Definition
In a METAR, BKN is a sky cover contraction reporting that 5/8 to 7/8 of the sky at a given layer is covered by clouds. It is reported with the height of the cloud base in hundreds of feet above ground level (for example, BKN025 means a broken layer at 2,500 feet AGL). A BKN layer is considered a ceiling.
Plain English
BKN means most of the sky at that level is covered by cloud, but not quite all of it. The number after BKN tells you how high the bottom of that cloud layer is, in hundreds of feet above the ground.
Context Anchor
Seen in METAR weather reports and other aviation weather products when cloud coverage is listed, such as “BKN025.”
Derivation
“Broken” describes a cloud layer that is mostly continuous but has gaps — like something whole that has been broken into pieces with spaces between them.
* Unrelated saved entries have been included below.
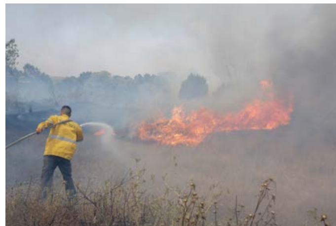
Drygt 100 brandsoldater arbetade i veckor för att bekämpa över 1000 bränder som startat på två dygn.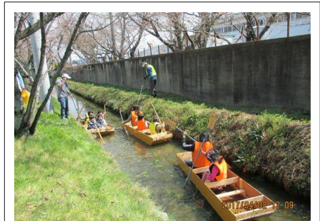
こちらは上手に整列して行きかいですね。だいぶん腕が上がってきました！。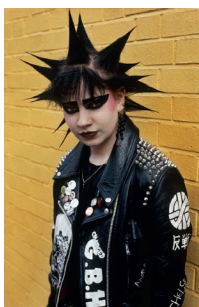
Derek Ridgers Shelley, Chelsea, 1982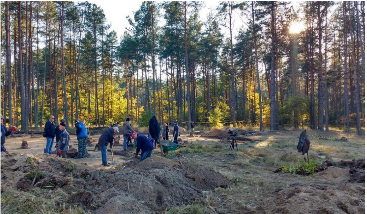
Archeologische opgravingen in Sobibor.

Reinhardt tezamen. Bovendien was Auschwitz ook een plek van Pools martelaarschap, dat zo op één lijn kon worden gesteld met het Joodse leed.” 3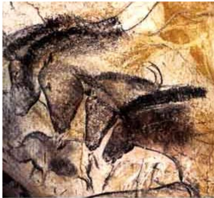
Rock paintings in Chauvet Cave, France, dated to approximately 30 000 to 32 000 years BP.

رسومات صخرية من كهف الالاسكو فرنسا. البلايستوسين الى الهولوسين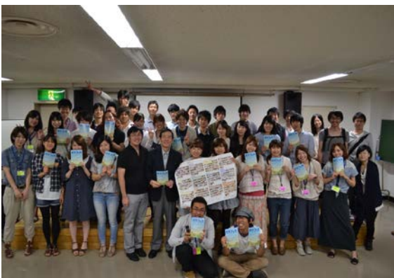
<左: 団体との集合写真>

課題としては、まったくこの活動を知らない人に自分たちの活動を広める際、申請会のようなプレゼンではなく、デザイン性の高いpptや、聞いている人に問いかけるような発表をすることが良いのではないかと知ることができたので改善していきたい。また、まだまだ交流にためらいが見られた部分もあったので、コミュニケーション能力の向上に尽力していきたい。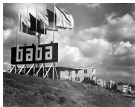
📍 Poutač u vstupu na výstavu z roku 1932, autorem grafického řešení výstavy bydlení byl Ladislav Sutnar.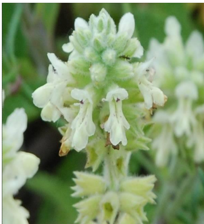
Figura 3. Stachys maritima ha estat incorporat al Catálogo de Especies Amenazadas en la categoria “ En Peligro de Extinción ”. El Portal BioC l’hi ha dedicat un dossier a Planta del Mes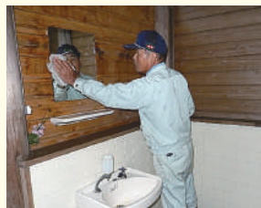
公園のトイレ掃除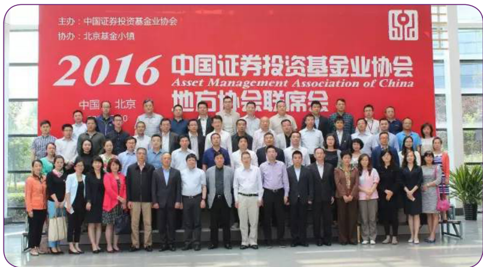
图10 5月20日，中国证券投资基金业协会在北京召开地方协会联席会议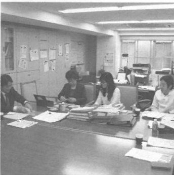
期末監査 2011年4月16日(土) 後援会事務局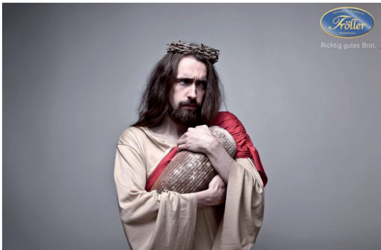
Tröller, Allemagne, 2011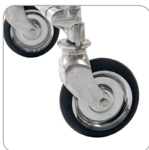
Laufräder mit Richtungsfeststeller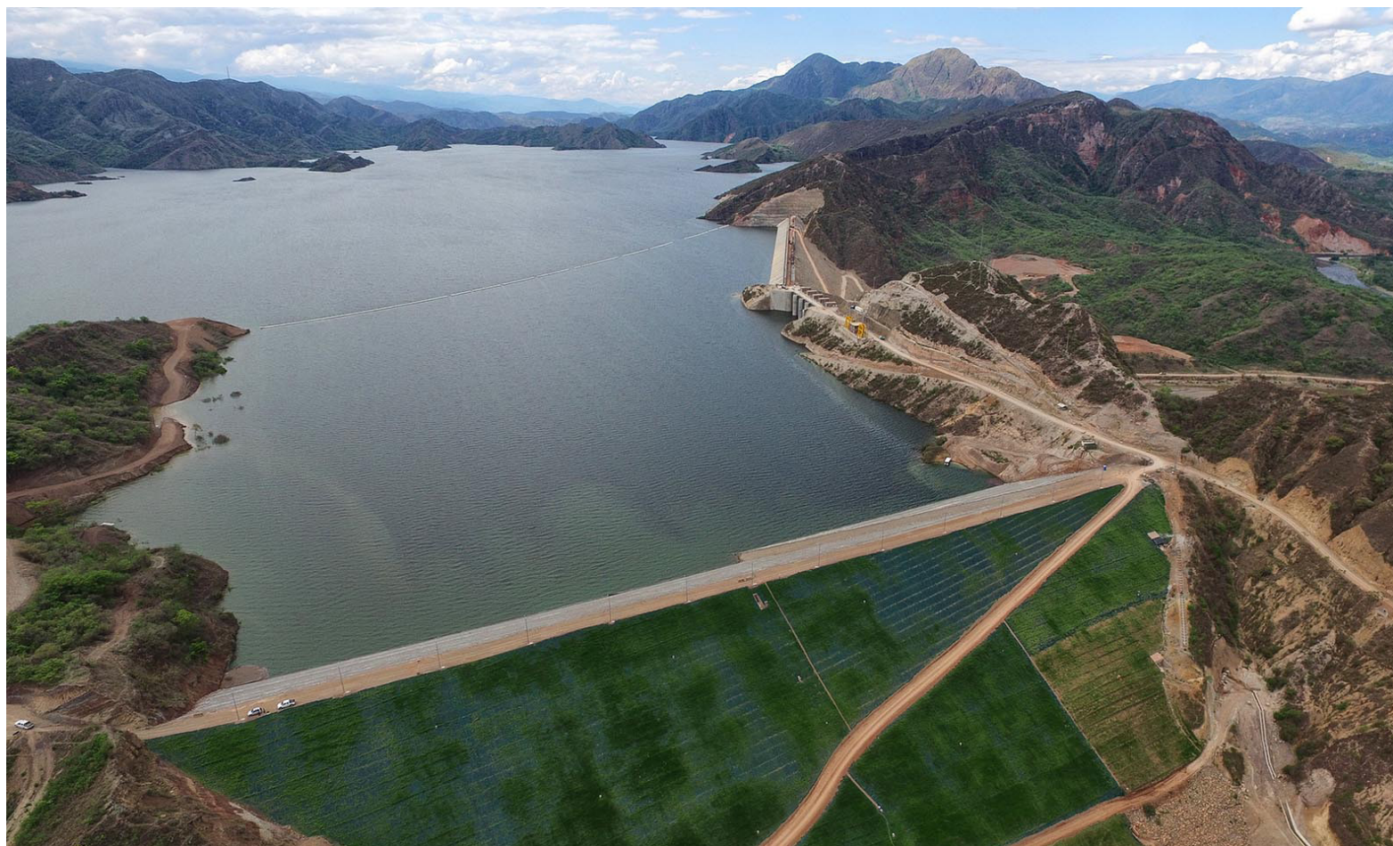
El proyecto hidroeléctrico el Quimbo, dejó más personas afectadas.

“Efectivamente, hay una afectados quienes no han sido censados, no están en las bases de datos de la empresa Enel, entidad a cargo del proyecto hidroeléctrico el Quimbo y aquí lo que se busca es que se han escuchados, y se revisen cuales exactamente son sus perjuicios y que les reconozcan los daños o en su defecto se puedan dar las com-

That everyday image matches what the pilot sees: cloud cover with breaks in it.
Why Pilots Care
A broken layer counts as a ceiling under FAA rules. Ceilings drive VFR/IFR flight category decisions, alternate airport requirements, and approach minimums, so spotting BKN in a METAR directly affects whether and how the flight can be flown.
Analogy
Think of dividing the sky into eight equal parts. BKN means five, six, or seven of those parts are covered by clouds.
Intuition Check
“Broken” does not mean a few separate clouds here. In aviation weather, it specifically means 5/8 to 7/8 of the sky is covered at that layer.
Example Sentence 1
The METAR reported BKN040, so we briefed the approach expecting a ceiling at 4,000 feet.
Example Sentence 2
With BKN conditions reported, the pilot prepared for possible instrument approaches.